Purpose: : To provide a comprehensive description of the human corneal innervation using modified whole mounts.

Methods: : Human corneas from donors aged 19-83 years with death-to-fixation times of <18 hours were obtained from registered eye banks. The central core of each cornea was removed with a 6.5mm trephine and the peripheral cornea was cut into temporal and nasal halves. Five serial 100 micron-thick sections were cut from each specimen in a cryostat in a posterior-to-anterior direction at which point the remaining tissue, consisting of approximately 50-100 microns of anterior stroma and the entire corneal epithelium, was thawed in PBS to yield an anterior-cornea whole mount. Specimens were incubated overnight in 0.01% hyaluronidase and 0.1% EDTA in 0.1M PBS, pH 5.3 to enhance permeability. Corneal nerves were stained immunohistochemically with neurotubulin primary Ab (TUJ1, Covance, Inc.) and standard ABC-DAB methodology.
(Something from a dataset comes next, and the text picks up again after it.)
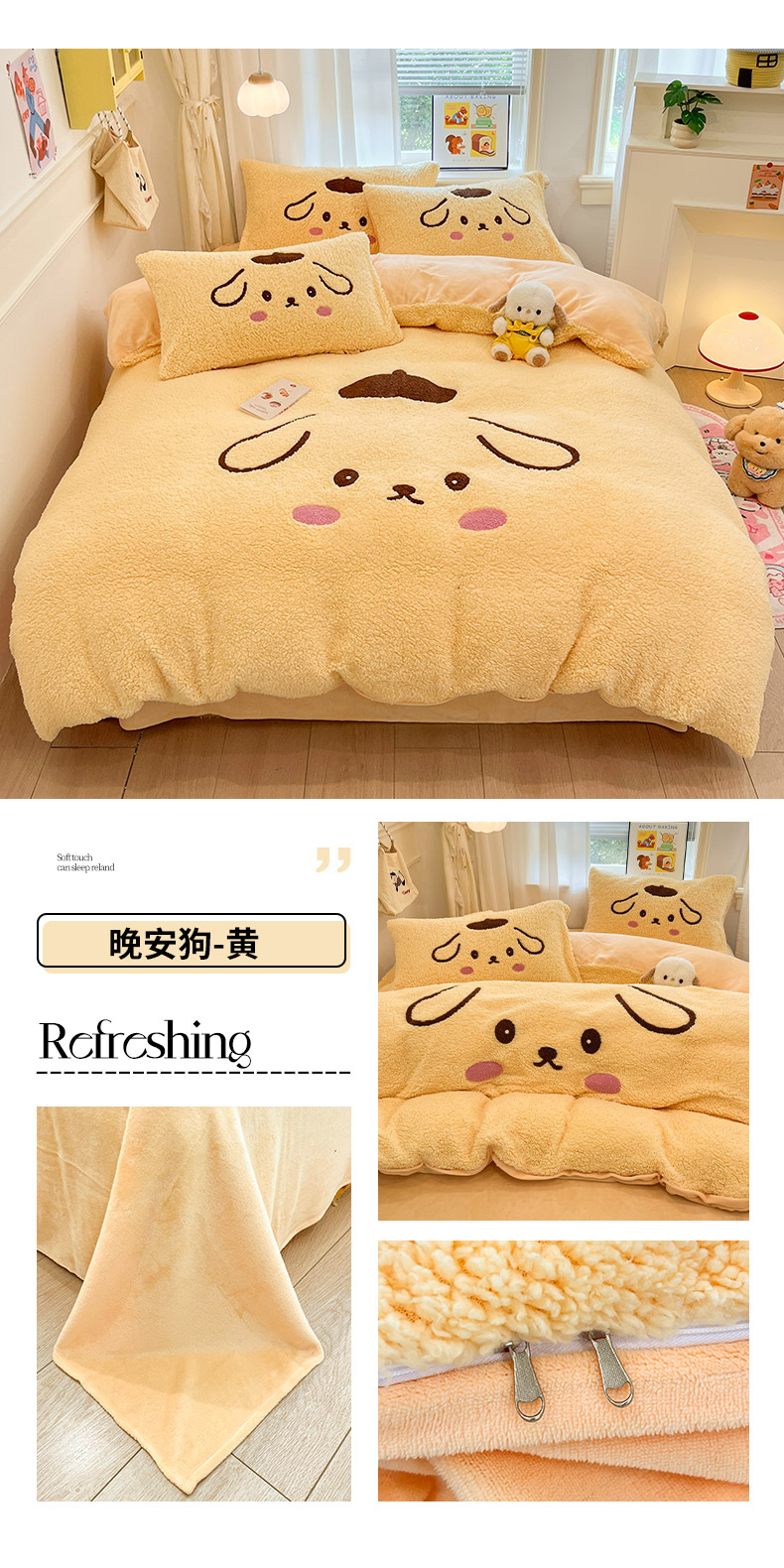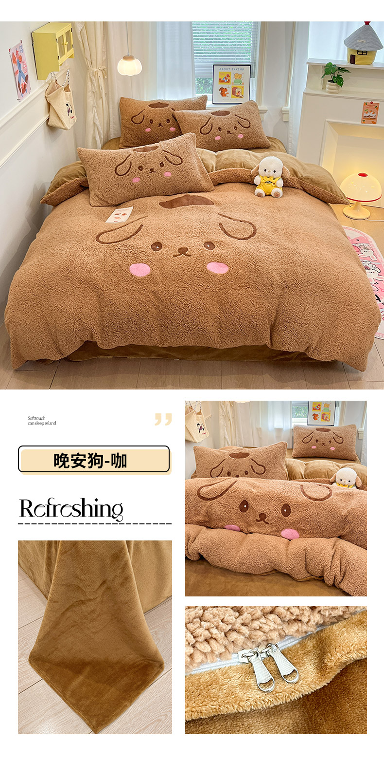 (总)梓之赫 2025新款小版羊羔绒牛奶绒卡通四件套冬季加厚保暖,汉堡-白卡其,汉堡-黄,汉堡-咖,企鹅-白卡其,企鹅-粉,企鹅-蓝,曲奇-白粉,星星小狗-白卡其,星星小狗-蓝

Results: : An average of 74 evenly spaced stromal nerve bundles entered the peripheral cornea at the limbus. These fibers gave rise to a modest midstromal nerve plexus consisting of branched, medium-sized nerve bundles. Anterior-cornea whole mounts from the central and peripheral cornea provided comprehensive, three-dimensional demonstrations of subepithelial and subbasal nerve architecture. The subepithelial plexus comprised a tortuous network of delicate, highly anastomotic fibers that was most dense in the peri-central cornea. The subbasal plexus in the central cornea consisted of uniformly-spaced thick subbasal nerves separated from one another by an anastomotic network of much thinner fibers. Subbasal nerves in the central cornea coursed, in general, in a 6-12 oclock direction. Subbasal nerves in the peripheral cornea coursed in a predominantly radial direction; however, many peripheral subbasal nerves (especially in older corneas), coursed parallel or oblique to the corneoscleral limbus. The mean distance between thick subbasal nerves was 108 microns in the central cornea and 229 microns in the intermediate/peripheral cornea. Intraepithelial nerve terminals, which degenerate rapidly after death, were visualized inconsistently in this study; however, many anterior-cornea whole mounts contained several areas of excellent nerve terminal staining suitable for morphologic analyses.